■ TASK ■
Drop the images; return everything else in the listing below exactly.

---- THE DATA

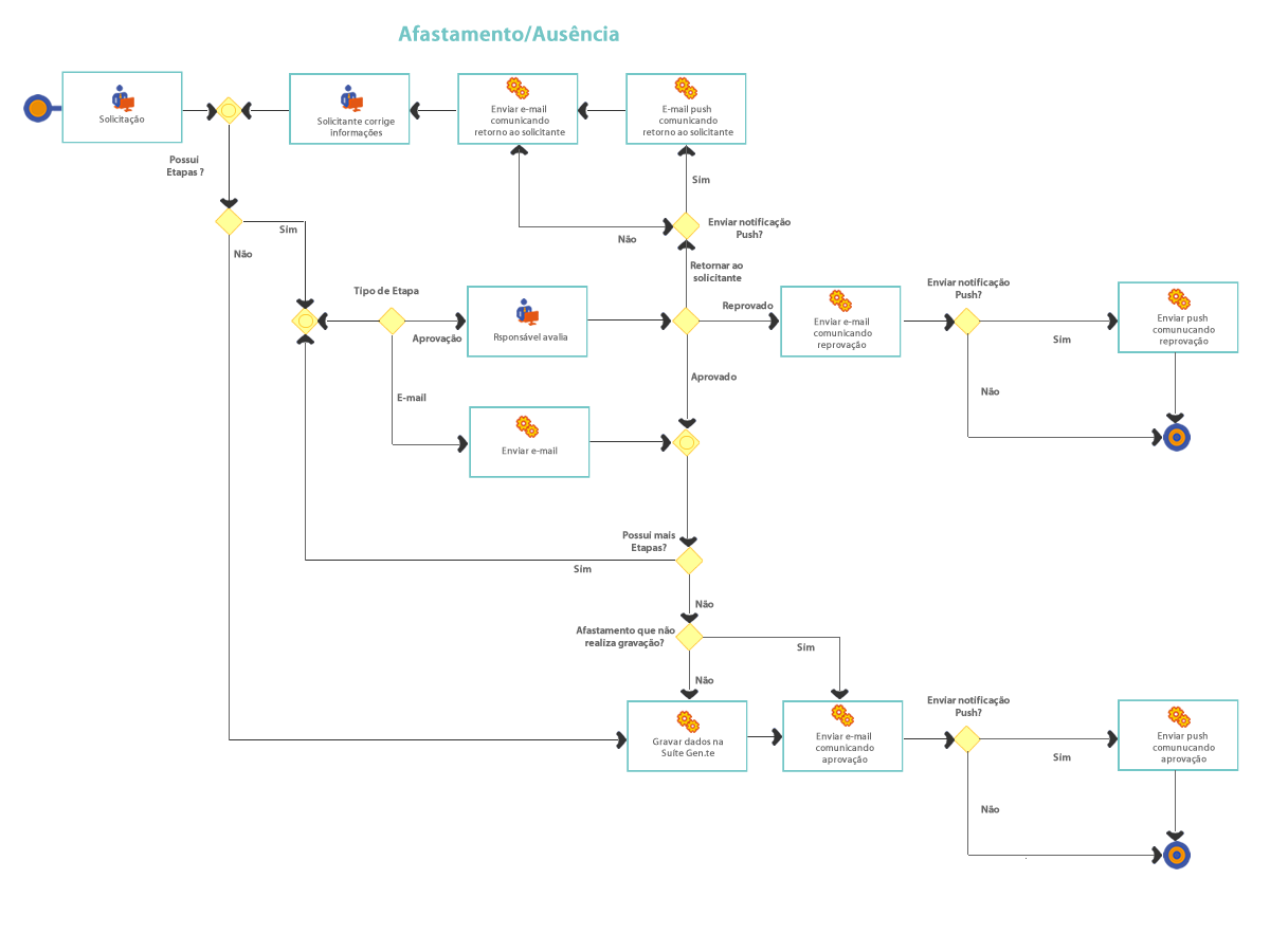 Através do fluxo parametrizável de afastamento/ausência é possível cadastrar os perfis de afastamento que serão utilizados pelo usuário através do Portal de Autoatendimento.
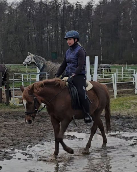 Unsere bildhübsche Reitponystute "Disney " begeistert nicht nur mit ihren guten Grundgangarten, sondern vor allem mit ihrem wunderbaren Charakter. Sie hat sprichwörtlich das Herz am rechten Fleck und zeigt jeden Tag, wie gern sie mit dem Menschen zusammenarbeitet. Beim Anreiten war sie von Anfang an äußerst solide und will alles immer richtig machen. Sie bringt eine natürliche Lernfreude mit und ist immer wissbegierig – egal ob beim Longieren, Langer Zügel oder neue Aufgaben unter dem Reiter, alles geht. Unarten hat sie dabei nie gezeigt; im Gegenteil: Man hat das Gefühl, sie weiß ganz genau, dass sie ein echtes Reitpony ist und erfüllt diese Rolle mit Stolz und Freude. Eine wirklich liebenswerte junge Stute, die ihren Menschen glücklich machen möchte und noch viel Potenzial für die Zukunft mitbringt. Ideal für jemanden, der sich ein unkompliziertes, motiviertes und talentiertes Pony an seiner Seite wünscht. Videos können auf Wunsch verschickt werden.
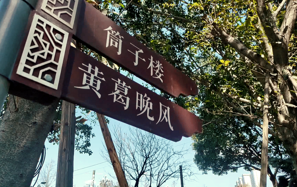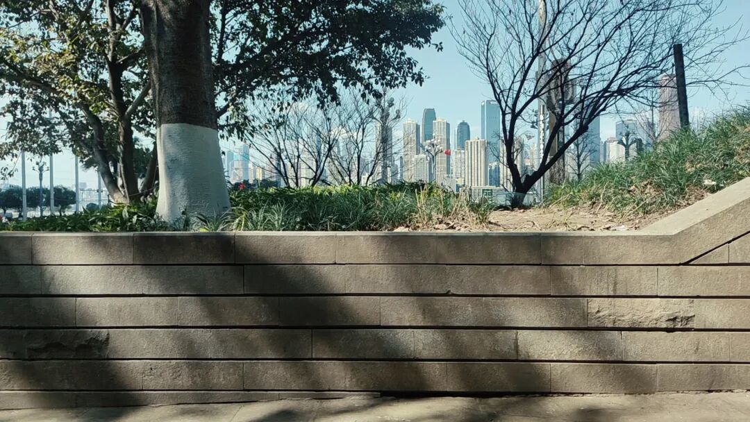 往前走,会看到一处石碑,底座写着海棠溪入口。石碑右侧的路标上,则清楚地标注出筒子楼的方向。登上台阶,远处渝中半岛的瓶瓶罐罐在晴朗的阳光下一览无余,俨然一副现代化大都市的模样。

--------

■ RESPONSE FOR THIS EXERCISE ■
 Através do fluxo parametrizável de afastamento/ausência é possível cadastrar os perfis de afastamento que serão utilizados pelo usuário através do Portal de Autoatendimento.
 Unsere bildhübsche Reitponystute "Disney " begeistert nicht nur mit ihren guten Grundgangarten, sondern vor allem mit ihrem wunderbaren Charakter. Sie hat sprichwörtlich das Herz am rechten Fleck und zeigt jeden Tag, wie gern sie mit dem Menschen zusammenarbeitet. Beim Anreiten war sie von Anfang an äußerst solide und will alles immer richtig machen. Sie bringt eine natürliche Lernfreude mit und ist immer wissbegierig – egal ob beim Longieren, Langer Zügel oder neue Aufgaben unter dem Reiter, alles geht. Unarten hat sie dabei nie gezeigt; im Gegenteil: Man hat das Gefühl, sie weiß ganz genau, dass sie ein echtes Reitpony ist und erfüllt diese Rolle mit Stolz und Freude. Eine wirklich liebenswerte junge Stute, die ihren Menschen glücklich machen möchte und noch viel Potenzial für die Zukunft mitbringt. Ideal für jemanden, der sich ein unkompliziertes, motiviertes und talentiertes Pony an seiner Seite wünscht. Videos können auf Wunsch verschickt werden.
 往前走,会看到一处石碑,底座写着海棠溪入口。石碑右侧的路标上,则清楚地标注出筒子楼的方向。登上台阶,远处渝中半岛的瓶瓶罐罐在晴朗的阳光下一览无余,俨然一副现代化大都市的模样。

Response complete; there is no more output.